Details
-
Bug
-
Status: Open
-
Blocker
-
Resolution: Unresolved
-
2.4.0
-
None
-
None
-
Important
Description
I deployed three broker instances and suddenly found that the client was unable to consume data from certain topic partitions. I first tried to log in to the broker corresponding to the group and used the following command to view the consumer group:
./bin/kafka-consumer-groups.sh --bootstrap-server localhost:9093 --describe --group mygroup
and found the following error:
Error: Executing consumer group command failed due to org.apache.kafka.common.errors.CoodinatorLoadInProgressException: The coodinator is loading and hence can't process requests.

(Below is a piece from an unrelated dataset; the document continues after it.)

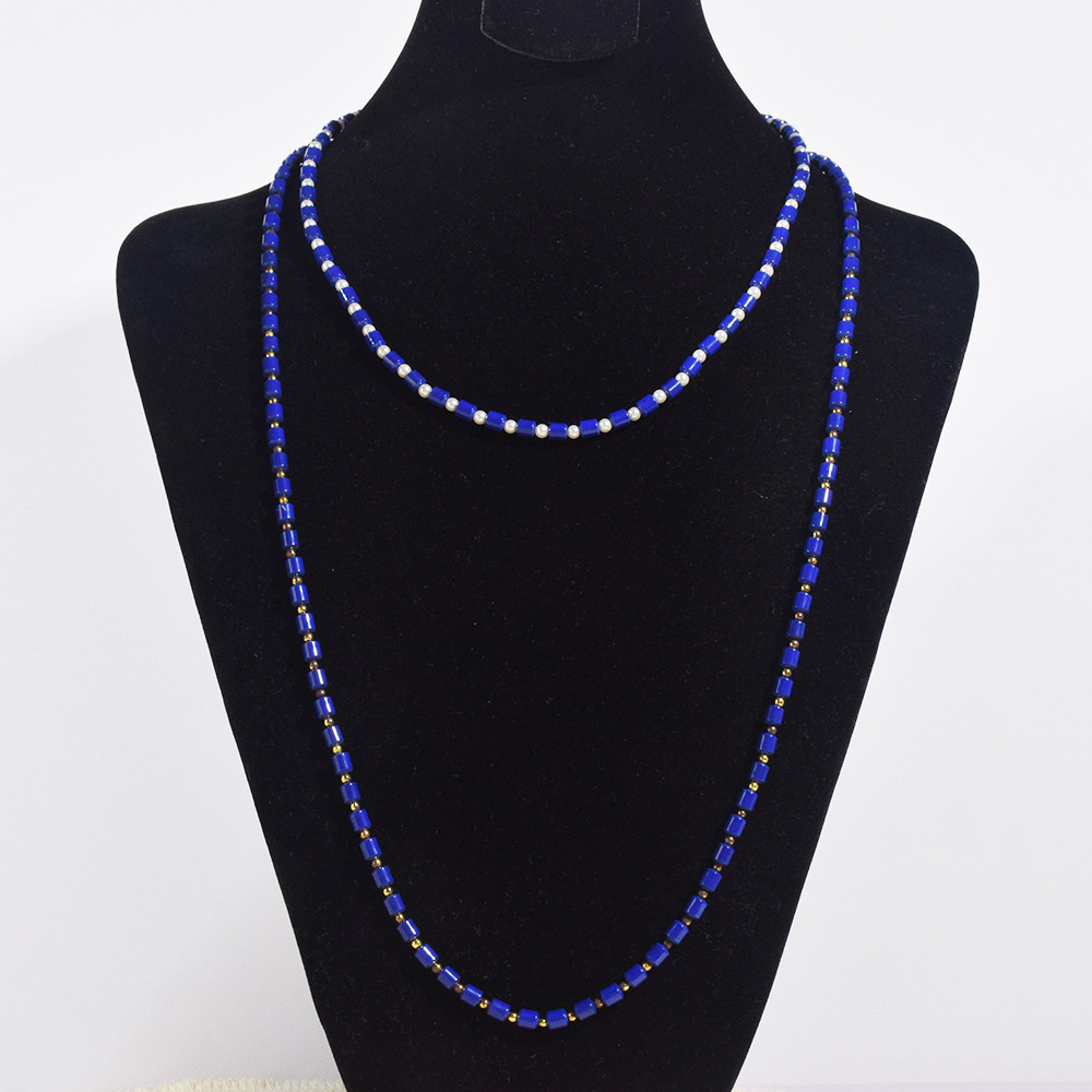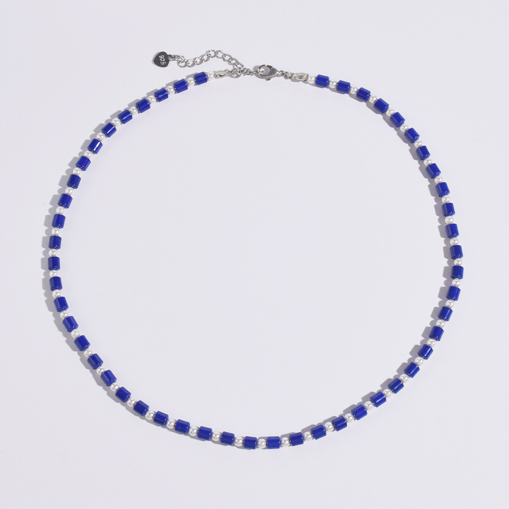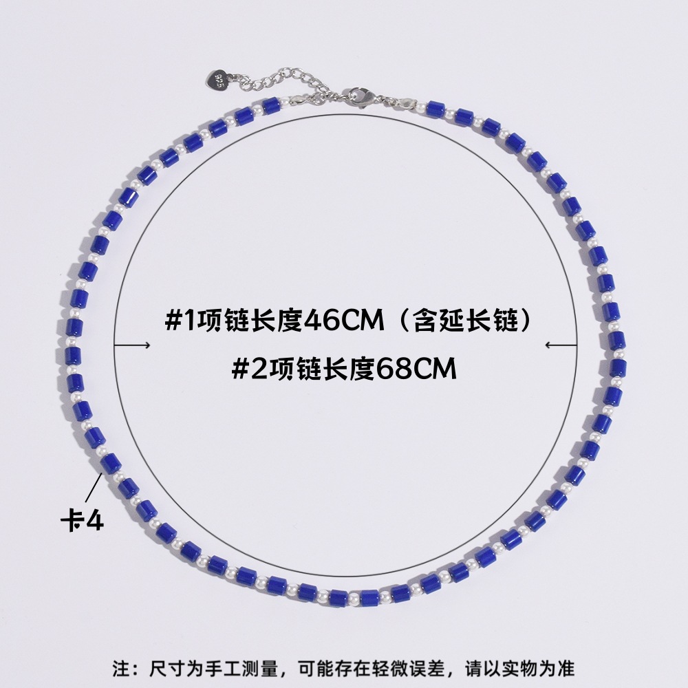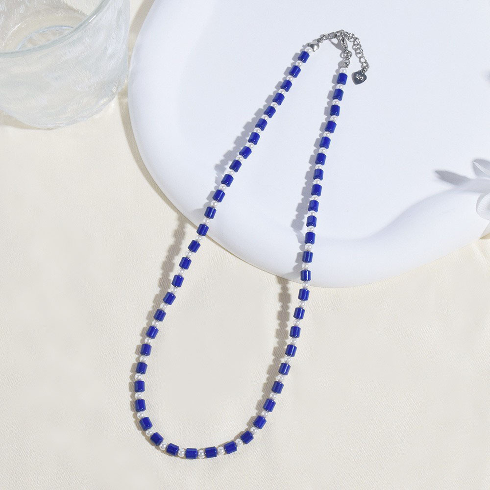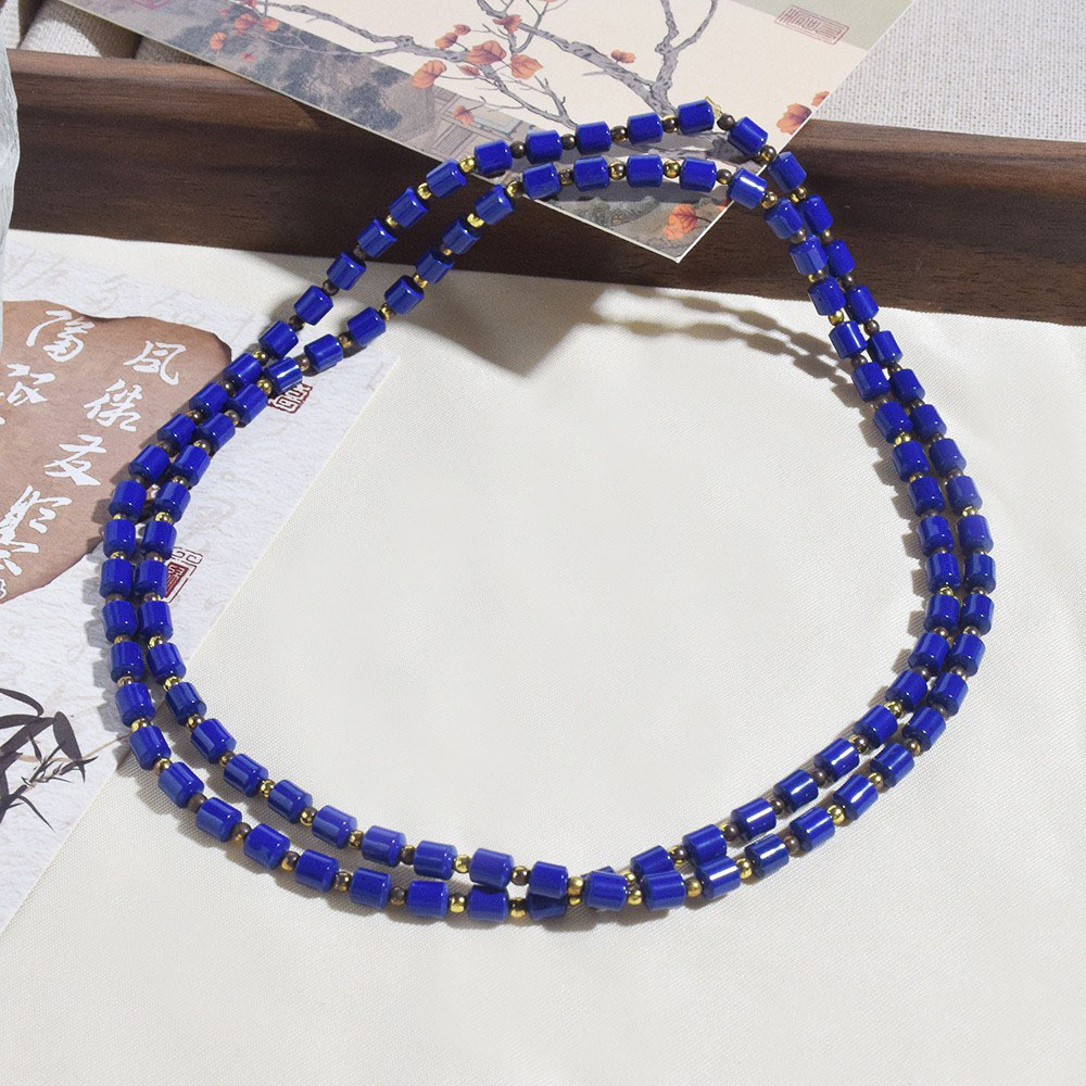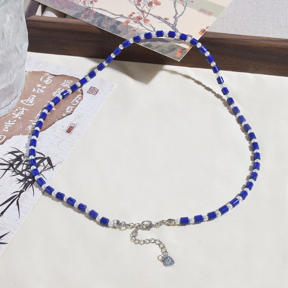 Pearl Necklace Niche All-Match High-Level Clavicle Chain Women's Vintage Blue Ore Lapis Lapis Lauvistone Necklace Woolen Chain Women's Products

I then discovered that the broker may be stuck in a loop, which is constantly in a loading state. At the same time, I found through the top command that the "group-metadata-manager-0" thread was constantly consuming 100% of the CPU resources. This loop could not be broken, resulting in the inability to consume topic partition data on that node. At this point, I suspected that the issue may be related to the __consumer_offsets partition data file loaded by this thread.
Finally, after restarting the broker instance, everything was back to normal. It's very strange that if there was an issue with the __consumer_offsets partition data file, the broker should have failed to start. Why was it able to automatically recover after a restart? And why did this continuous loop loading of the __consumer_offsets partition data occur?
We encountered this issue in our production environment using Kafka versions 2.2.1 and 2.4.0, and I believe it may also affect other versions.